■ What is being asked ■
Which lines run from the one with "I walked up" through the end of the data? Retype them exactly, without pictures.

■ Data below ■
────────────────────────────────────────

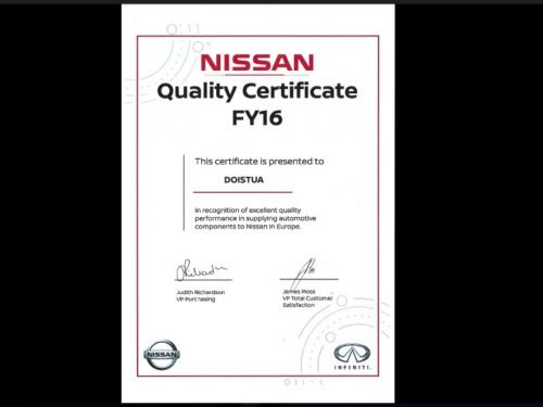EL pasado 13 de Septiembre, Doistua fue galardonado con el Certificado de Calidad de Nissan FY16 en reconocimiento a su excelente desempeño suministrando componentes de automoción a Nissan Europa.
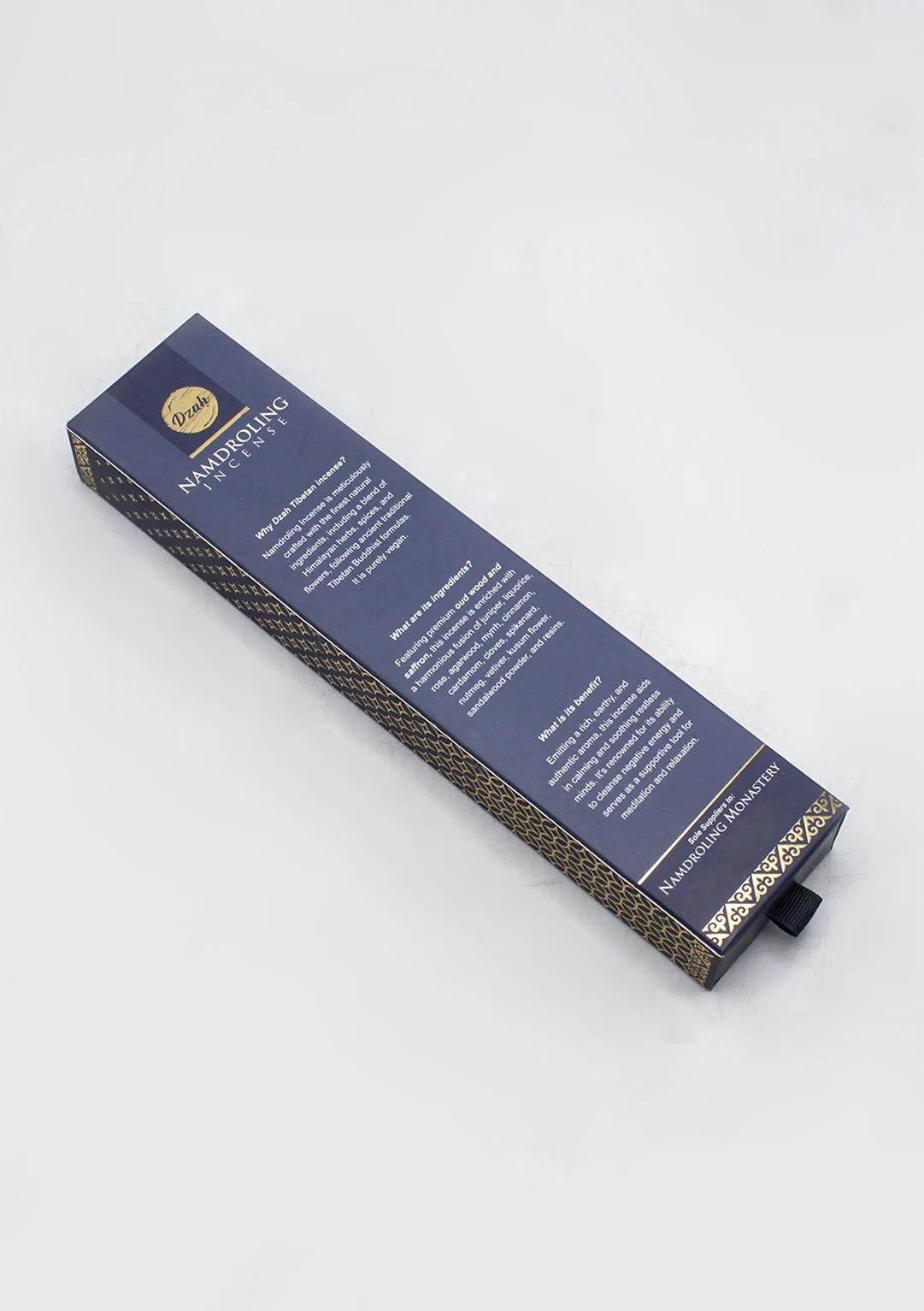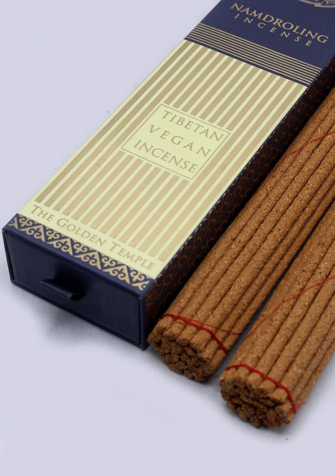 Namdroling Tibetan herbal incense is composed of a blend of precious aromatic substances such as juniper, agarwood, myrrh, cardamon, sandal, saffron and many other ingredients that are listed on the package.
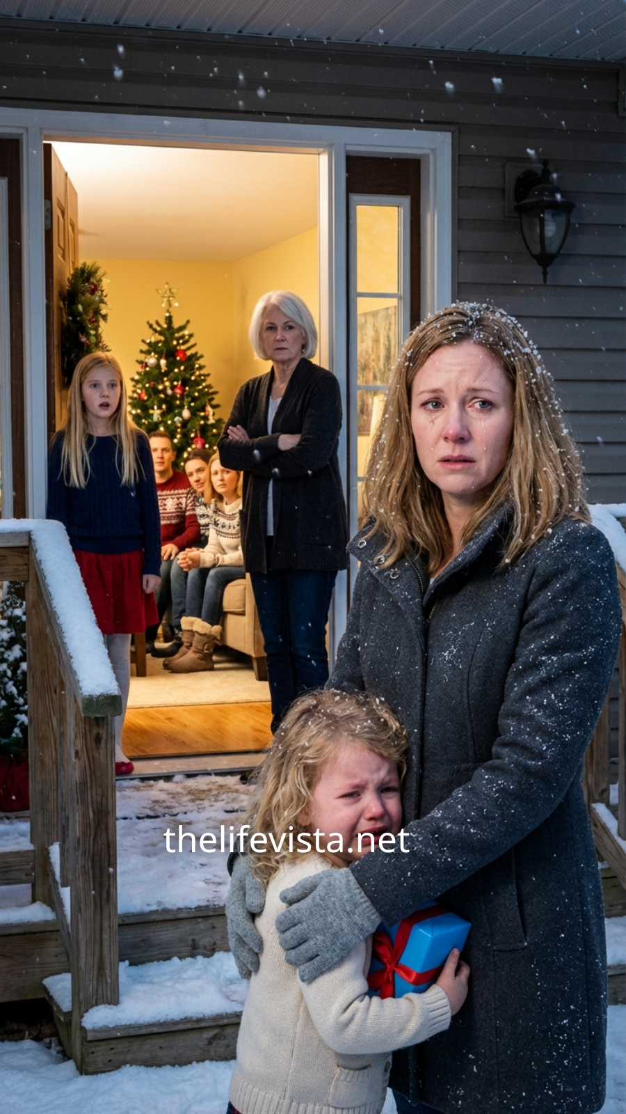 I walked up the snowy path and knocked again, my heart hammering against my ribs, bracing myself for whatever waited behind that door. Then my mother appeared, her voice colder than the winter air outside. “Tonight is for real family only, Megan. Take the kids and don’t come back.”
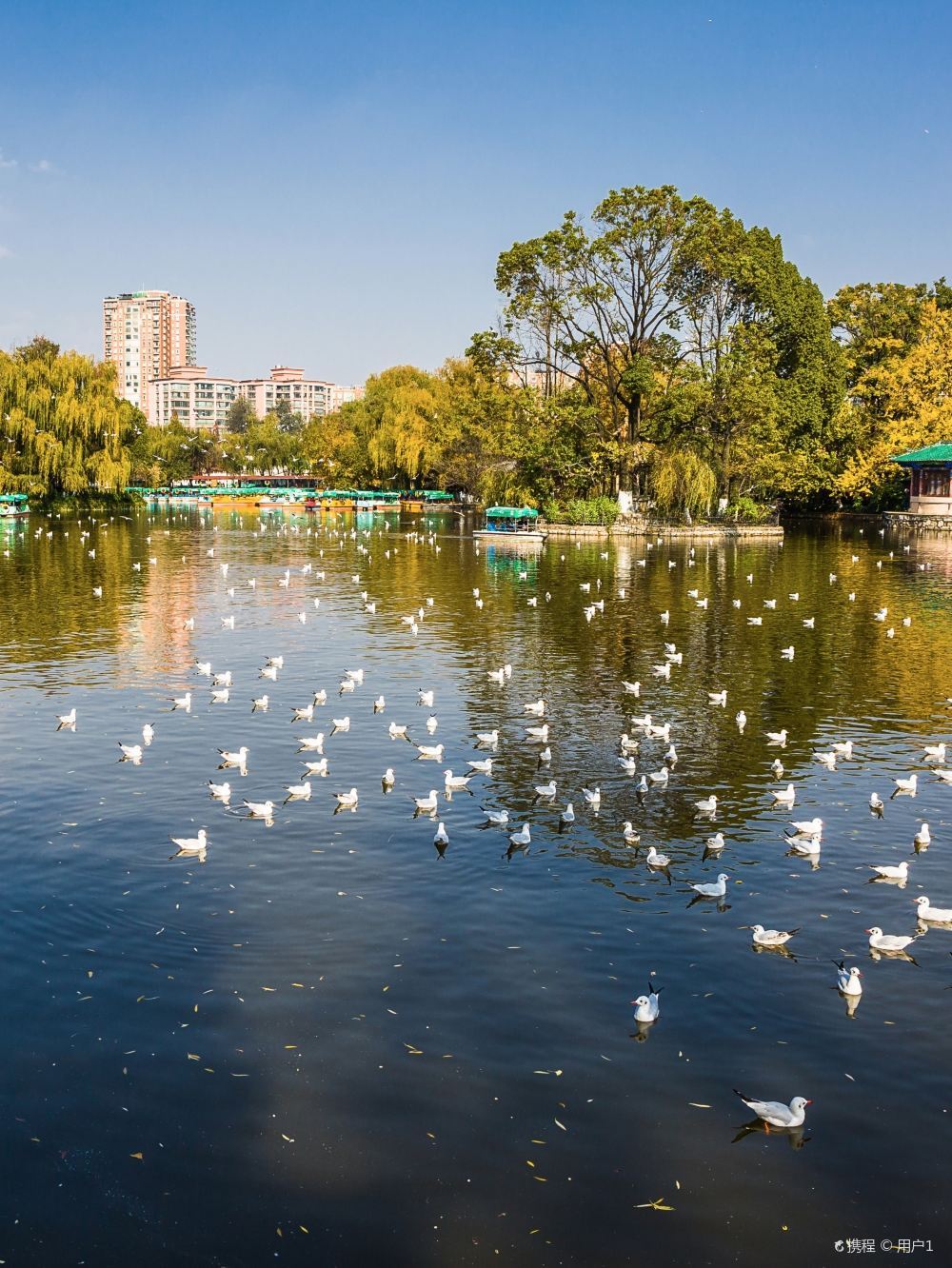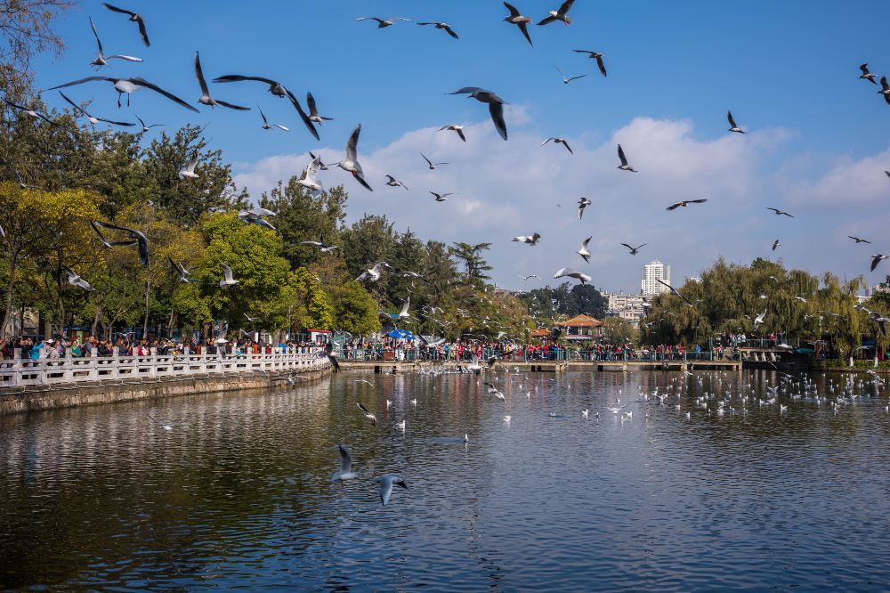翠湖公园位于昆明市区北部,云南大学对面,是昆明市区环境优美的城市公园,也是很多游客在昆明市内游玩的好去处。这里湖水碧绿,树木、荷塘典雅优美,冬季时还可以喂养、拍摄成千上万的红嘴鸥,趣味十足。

────────────────────────────────────────

■ Written answer ■
 I walked up the snowy path and knocked again, my heart hammering against my ribs, bracing myself for whatever waited behind that door. Then my mother appeared, her voice colder than the winter air outside. “Tonight is for real family only, Megan. Take the kids and don’t come back.”
翠湖公园位于昆明市区北部,云南大学对面,是昆明市区环境优美的城市公园,也是很多游客在昆明市内游玩的好去处。这里湖水碧绿,树木、荷塘典雅优美,冬季时还可以喂养、拍摄成千上万的红嘴鸥,趣味十足。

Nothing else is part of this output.